RECORDS FOR THE EXERCISE.
⁂

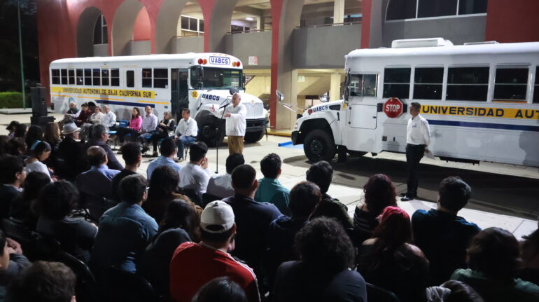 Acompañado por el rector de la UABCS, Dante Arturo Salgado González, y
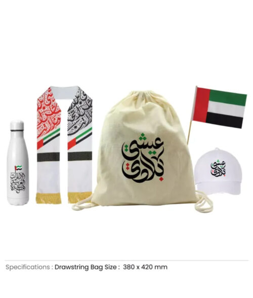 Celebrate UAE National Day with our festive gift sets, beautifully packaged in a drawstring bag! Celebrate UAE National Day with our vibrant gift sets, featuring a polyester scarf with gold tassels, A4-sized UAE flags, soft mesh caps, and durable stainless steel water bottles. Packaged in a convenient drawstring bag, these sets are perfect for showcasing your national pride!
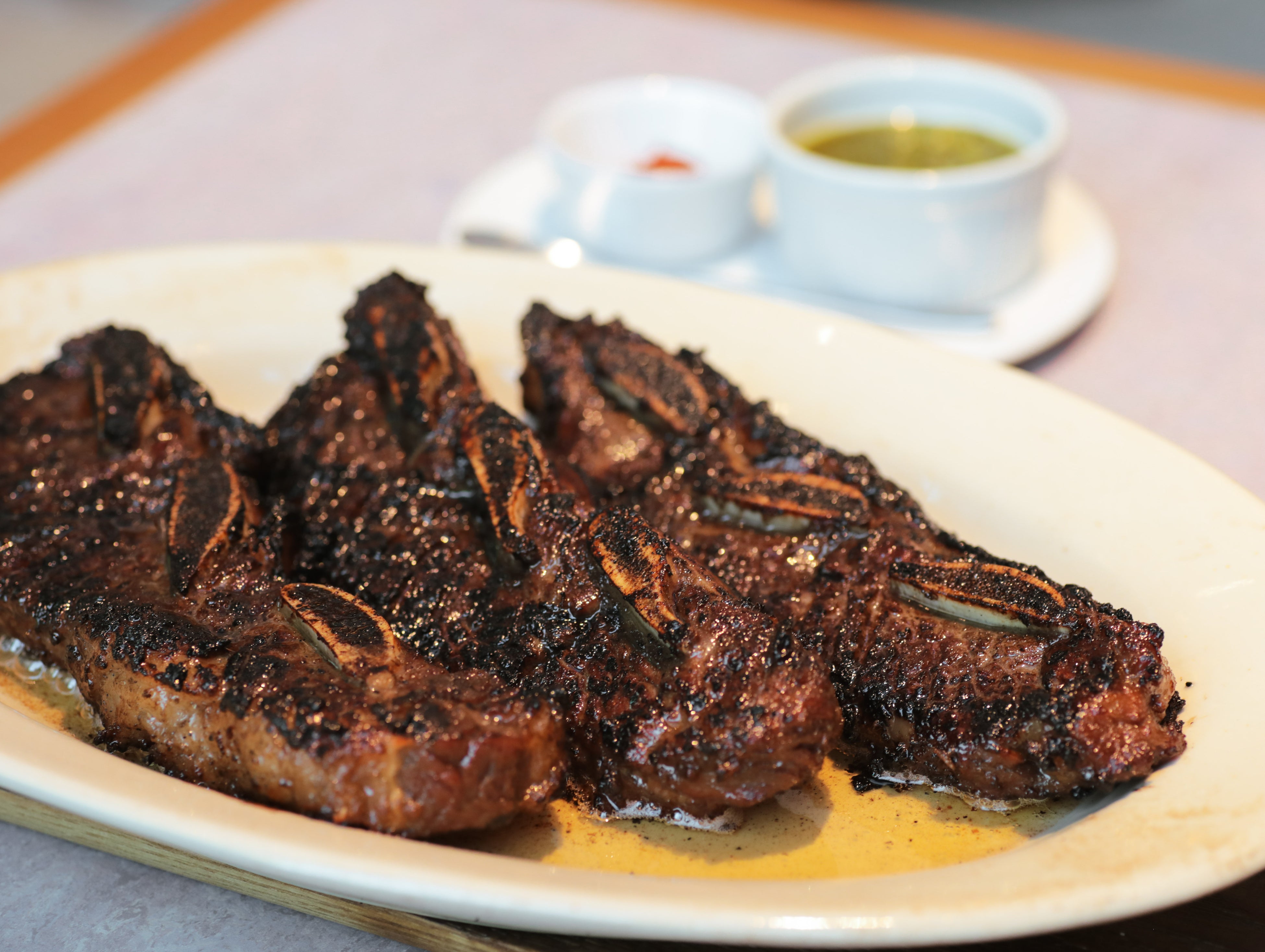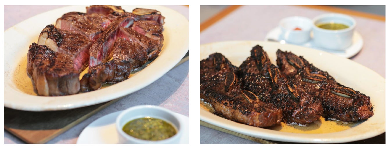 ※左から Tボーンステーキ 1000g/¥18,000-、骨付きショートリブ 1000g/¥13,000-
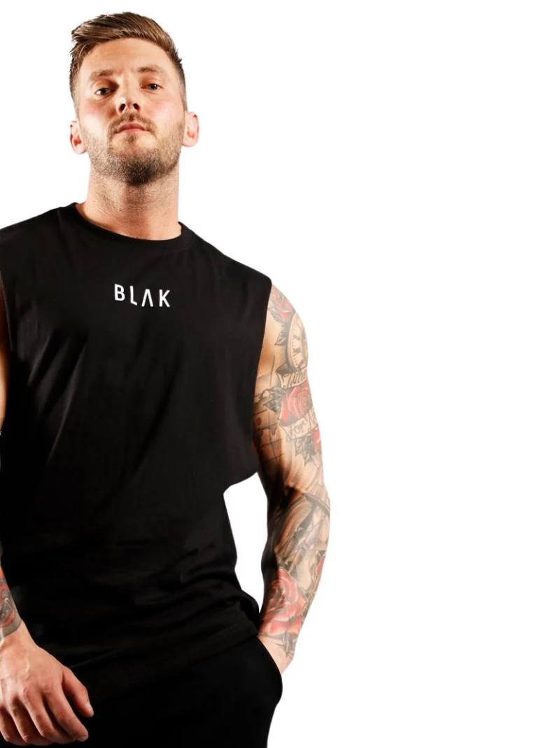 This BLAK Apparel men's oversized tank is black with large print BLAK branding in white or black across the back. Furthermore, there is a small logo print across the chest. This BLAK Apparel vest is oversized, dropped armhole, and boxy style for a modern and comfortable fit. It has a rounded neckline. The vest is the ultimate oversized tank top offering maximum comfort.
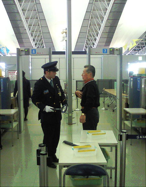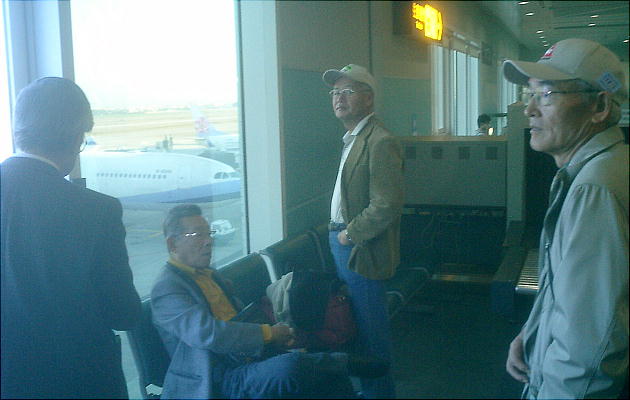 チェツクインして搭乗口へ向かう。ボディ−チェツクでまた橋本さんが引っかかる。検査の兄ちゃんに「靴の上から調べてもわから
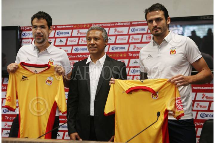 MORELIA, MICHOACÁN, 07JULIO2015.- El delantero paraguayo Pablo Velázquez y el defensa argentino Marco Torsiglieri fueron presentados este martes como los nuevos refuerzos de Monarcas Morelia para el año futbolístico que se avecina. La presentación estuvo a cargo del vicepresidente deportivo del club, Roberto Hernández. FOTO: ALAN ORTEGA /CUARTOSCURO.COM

⁂

TRY IT. Once the line with "Celebrate UAE National Day with our festive" is found above, print it and every line after it through the line with "チェツクインして搭乗口へ向か", exactly. Pictures stay out.

EXPECTED ANSWER.
 Celebrate UAE National Day with our festive gift sets, beautifully packaged in a drawstring bag! Celebrate UAE National Day with our vibrant gift sets, featuring a polyester scarf with gold tassels, A4-sized UAE flags, soft mesh caps, and durable stainless steel water bottles. Packaged in a convenient drawstring bag, these sets are perfect for showcasing your national pride!
 ※左から Tボーンステーキ 1000g/¥18,000-、骨付きショートリブ 1000g/¥13,000-
 This BLAK Apparel men's oversized tank is black with large print BLAK branding in white or black across the back. Furthermore, there is a small logo print across the chest. This BLAK Apparel vest is oversized, dropped armhole, and boxy style for a modern and comfortable fit. It has a rounded neckline. The vest is the ultimate oversized tank top offering maximum comfort.
 チェツクインして搭乗口へ向かう。ボディ−チェツクでまた橋本さんが引っかかる。検査の兄ちゃんに「靴の上から調べてもわから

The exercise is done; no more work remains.